全員が平民出身の志願兵で、年齢も性別もばらばらだ。
休戦協定が締結される何年も前から付き従っている古株もいる。
かつてはジルコニアが初陣を飾った時から傍にいた者も何人かいたが、今は護衛兵の中には一人もいなくなってしまった。

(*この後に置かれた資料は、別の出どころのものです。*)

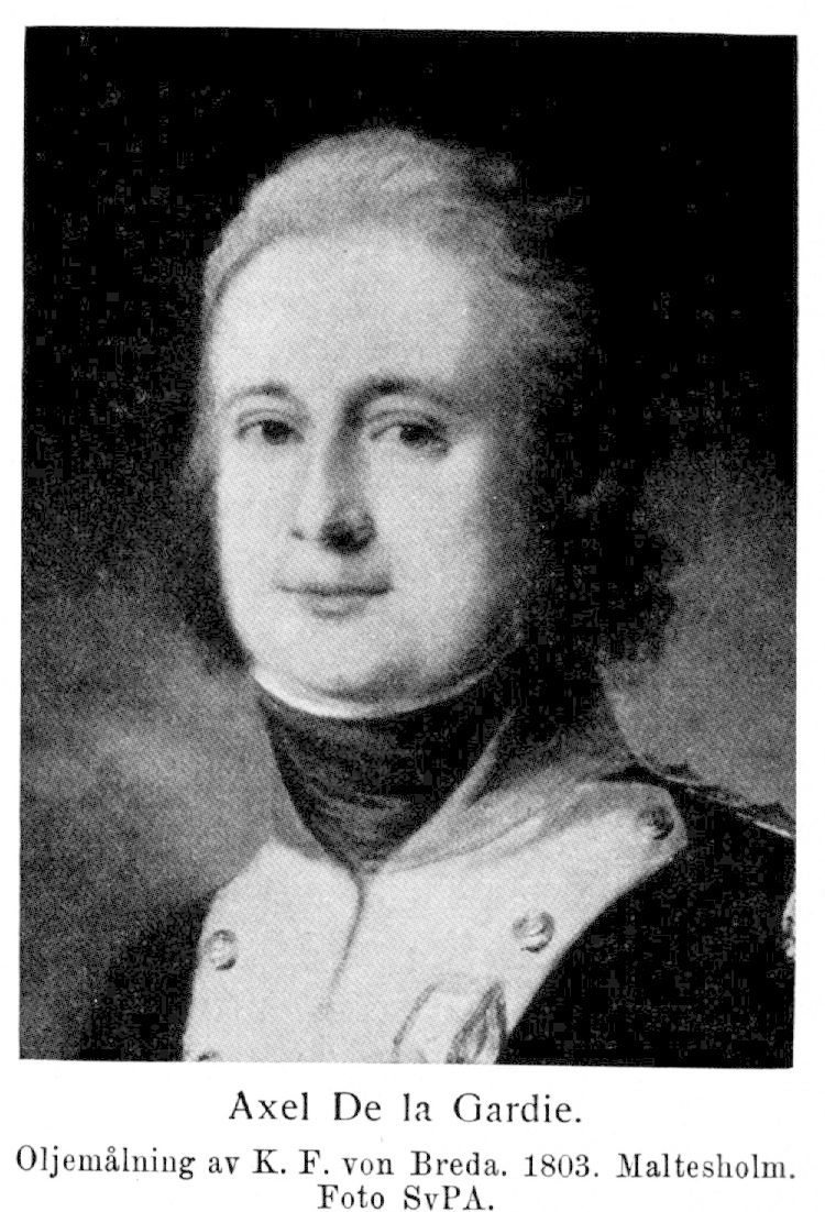 16. Axel Gabriel De la Gardie, den föregåendes broder, f. 23 nov. 1772 i Stockholm, d 15 jan. 1838 på Maltesholm i Östra Sönnarslöv. Korpral vid Västgöta kavalleriregemente 2 juli 1777; sergeant vid Västmanlands regemente 24 jan. 1781; sekundadjutant därstädes 7 febr. 1781; fänrik 12 apr. 1786; stabslöjtnant vid premiärmajorens kompani 25 mars 1790; stabsadjutant hos konungen och kapten i armén 23 aug. 1790 med fullmaktsdatum 19 aug. 1790; ambassadkavaljer till S:t Petersburg 1790; hovkavaljer hos prins Fredrik Adolf 2 maj 1791; löjtnant vid Salbergs kompani 17 juni 1793; stabskapten vid Västmanlands regemente 26 aug. 1793; kammarherre hos änkedrottning Sofia Magdalena 1793; överadjutant hos konungen och major i armén 2 nov. 1795; deltog i riksdagarna 1800, 1815, 1828—30 och 1834—35 samt var därunder bl. a. ordförande i riddarhusutskottel. 1800 och ledamot av bevillningsutskottet 1815; major i Kronobergs regemente 1 sept.. 1800; erhöll avsked från befattningen som överadjutant hos konungen 2 apr. 1807; förste adjutant hos fältmarskalken J. Kr. Toll; överadjutant och överstelöjtnant i armén 29 juni 1809; överste i armén och generalstaben 1809; erhöll avsked 27 mars 1810; landshövding i Kristianstads län 4 febr. 1811; erhöll avsked från landshövdingeämbetet 12 jan. 1838. RSO 1799; KmstkNO 1818; hedersledamot av Jämtlands läns hushållningssällskap 1819; RCXIII:sO 1825.
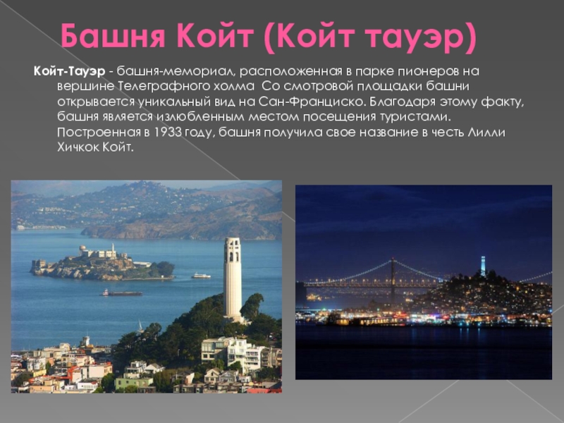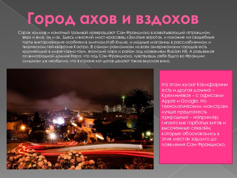 На этом куске Калифорнии есть и другая долина – Кремниевая – с офисами Apple и Google. Но технологическим монстрам лучше предпочесть природные – например, гигантских горбатых китов и высоченные секвойи, которые обосновались в этих местах задолго до появления Сан-Франциско.
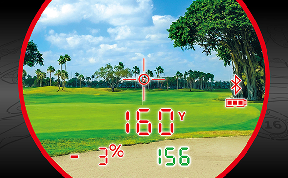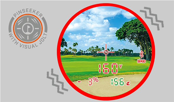 ダブルジョルト機能(バイブレーション) ピンフラッグなど細い目標物測定時にピンシーカー機能が作動した際、 本体がビビッと振動。 同時に視界上にレッドリングが発光。 測定完了を瞬時に視覚、体感で把握できる便利な機能。 |
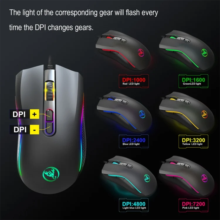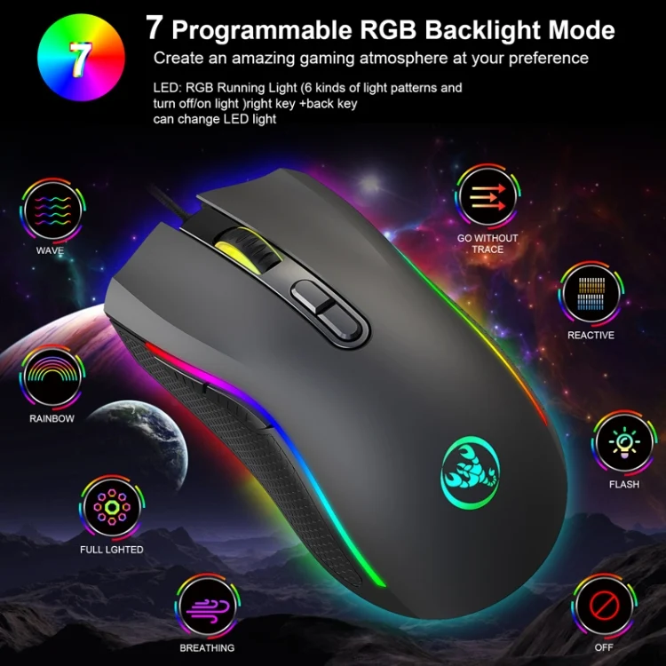 HXSJ A869 Type-C 7200dpi 6-modes Adjustable 7-keys RGB Light Wired Game Mouse

「……戦えない市民も集まってきてしまっているわ。ラッド、辺りにいる市民を全員かき集めて。レナは、戦えない者たちを宿舎まで送り届けて」
「かしこまりました」
「送り届けたら、すぐに戻ってきますから!」
指名された2人はすぐに、周囲の市民を集めに駆けだして行く。
ジルコニアはそれを見届け、残った護衛兵たちへと向き直った。
「ここを維持するわよ。あなたたち、覚悟を決めなさい」
その言葉に、護衛兵たちが顔を見合わせた。
一拍置いて、クスクスと笑い声が漏れる。
「……何よ。何で笑うの?」
「ジルコニア様、ヤバイ戦いの前にはいつも『覚悟を決めろ』って言いますよね。久しぶりに聞いたなと思ったら、つい」
「あー……うん。昔、私の部隊を率いてた人が言ってたから、その真似をしてるの。少しでも、その人みたいになれるかなって」
「ジルコニア様の上官だったかたですか。今も軍に?」
「ううん。先に逝ってしまったわ。もう10年になるかしら」
久方ぶりに当時のことを思い起こし、ジルコニアが薄く微笑んで答える。
「ジルコニア様を従えられるとは、余程豪胆なかただったのでしょうなぁ」
「会ってみたかったような、会えなくてよかったような……」
「あなたたち、私を何だと思ってるのよ……」
ジルコニアはげんなりとした口調で言いつつも、皆につられるようにして小さく笑う。
だがすぐに、表情を引き締めた。